We set up the project using Vite, a modern build tool that provides hot reloading and some sane defaults for TypeScripts. This way, we can focus on the essentials without getting bogged down by configuration details. The project is initiated with the following command:

yarn create vite fitness-game --template react-ts

Note: You’ll need Node 18+ and Yarn 1.22+ for this

This sets up a basic TypeScript and React environment where we can start building our game. The latter is not really important, we won’t be using any React today. We only need the structure generated by the template. That’s why we’ll directly go ahead and delete all files in src/ except main.tsx and vite-env.d.ts.

Creating a Camera Mirror

Accessing the user’s webcam is the first step in our application.
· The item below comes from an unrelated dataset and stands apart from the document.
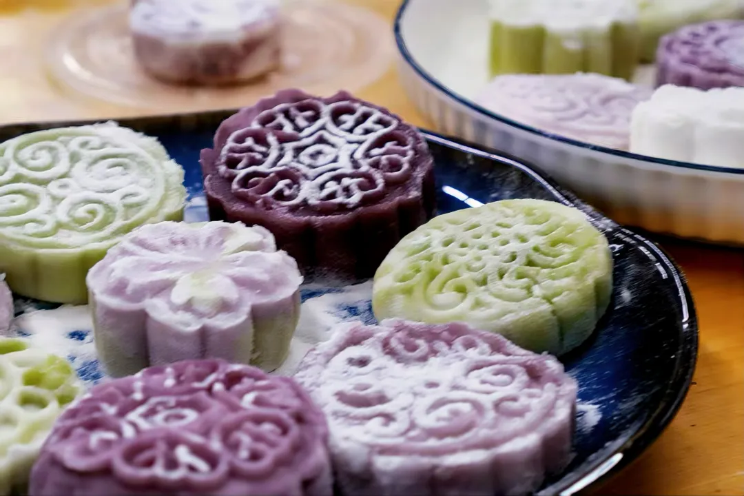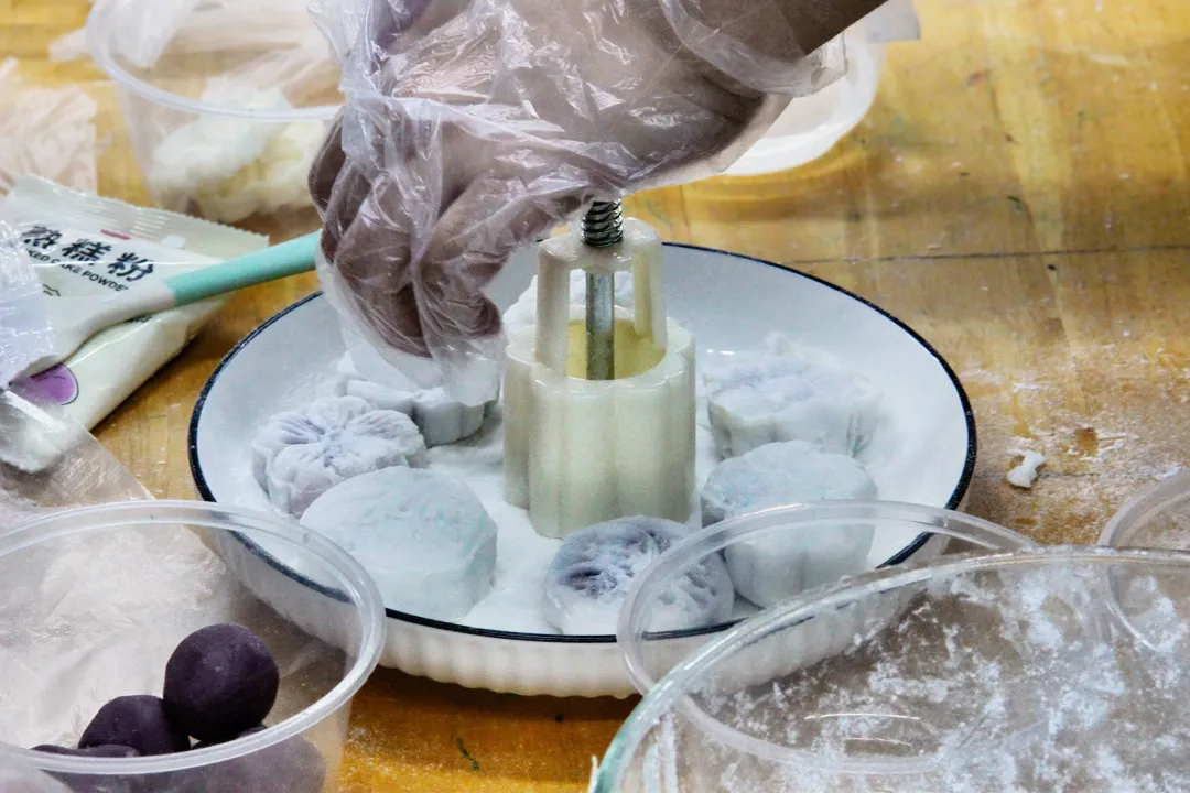 “原来揉冰皮要掌握好力度,才能让月饼皮更细腻!”“这个玉兔造型的模具太可爱了,我要给家里孩子做几个!”活动现场氛围热烈而温馨,师生们热情高涨,纷纷动手尝试。有的教职工专注地捏制冰皮,小心翼翼地包裹馅料,确保月饼造型完整;有的则发挥艺术创意,用不同颜色的冰皮搭配出渐变效果,或是在月饼表面印上“中秋快乐”“艺院同心”等字样,让小小的月饼承载满满的心意。不一会儿,一个个造型精致、色彩诱人的冰皮月饼便新鲜出炉,大家拿着自己的作品拍照留念,脸上洋溢着成就感与幸福感。

We use the getUserMedia API to capture video from the user’s camera.

// src/utils.js
export async function captureCamera(): Promise<MediaStream> {
  const constraints: MediaStreamConstraints = {
    audio: false,
    video: {
      width: {ideal: 4096},
      height: {ideal: 2160}
    }
  }
  return await navigator.mediaDevices.getUserMedia(constraints);
}

We could just display the resulting MediaStream with a regular <video> element, but we’re going with an <canvas> element instead. The reason is simple: We’ll need to render additional game elements and UI later, so we’ll need the canvas anyway. But we also need a video element as a source for the pose estimation. For this reason, let’s set the video element to display: none and only show the canvas.

<!--index.html-->
...
<div>
  <video id="video" style="display: none"></video>
  <canvas id="canvas"></canvas>
</div>
...

Here’s how we can pipe the MediaStream into the video element and render that on the canvas:

// src/CanvasRenderer.ts
export class CanvasRenderer {
  private videoElement: HTMLVideoElement;
  private canvasElement: HTMLCanvasElement;
  private context: CanvasRenderingContext2D;

  constructor(stream: MediaStream, video: HTMLVideoElement, canvas: HTMLCanvasElement) {
    this.canvasElement = canvas;
    this.context = canvas.getContext("2d") as CanvasRenderingContext2D;
    this.videoElement = video;
    this.videoElement.srcObject = stream;
    const settings = stream.getVideoTracks()[0].getSettings();
    this.setResolution(settings.width || 1920, settings.height || 1080);
    this.videoElement.play();
  }

  renderCanvas() {
    this.context.setTransform(-1, 0, 0, 1, this.canvasElement.width, 0);
    this.context.drawImage(this.videoElement, 0, 0, this.videoElement.width, this.videoElement.height);
    requestAnimationFrame(this.renderCanvas.bind(this));
  }

  setResolution(width: number, height: number) {
    if (this.videoElement && this.canvasElement) {
      this.videoElement.width = width;
      this.videoElement.height = height;
      this.canvasElement.width = width;
      this.canvasElement.height = height;
    }
  }
}

Now all we have to do is to connect everything in main.tsx.

// src/main.tsx
import {captureCamera} from "./utils.ts";
import {CanvasRenderer} from "./CanvasRenderer.ts";

captureCamera().then(stream => {
  const video: HTMLVideoElement = document.getElementById("video") as HTMLVideoElement;
  const canvas: HTMLCanvasElement = document.getElementById("canvas") as HTMLCanvasElement;
  const renderer = new CanvasRenderer(stream, video, canvas);
  renderer.renderCanvas();
})

Integrating TensorFlow Pose Detection

For pose detection, we integrate TensorFlow’s keypoint-based model MoveNet, which comes with a highly efficient library. Keypoints are specific points on a person’s body that the software identifies and tracks. These points typically represent major joints like elbows, knees, or the tip of the nose. By detecting these points, MoveNet provides real-time spatial data, allowing us to understand the user’s posture and movements within the game space. This functionality is crucial for interactive applications where user movement directly controls or influences the game mechanics.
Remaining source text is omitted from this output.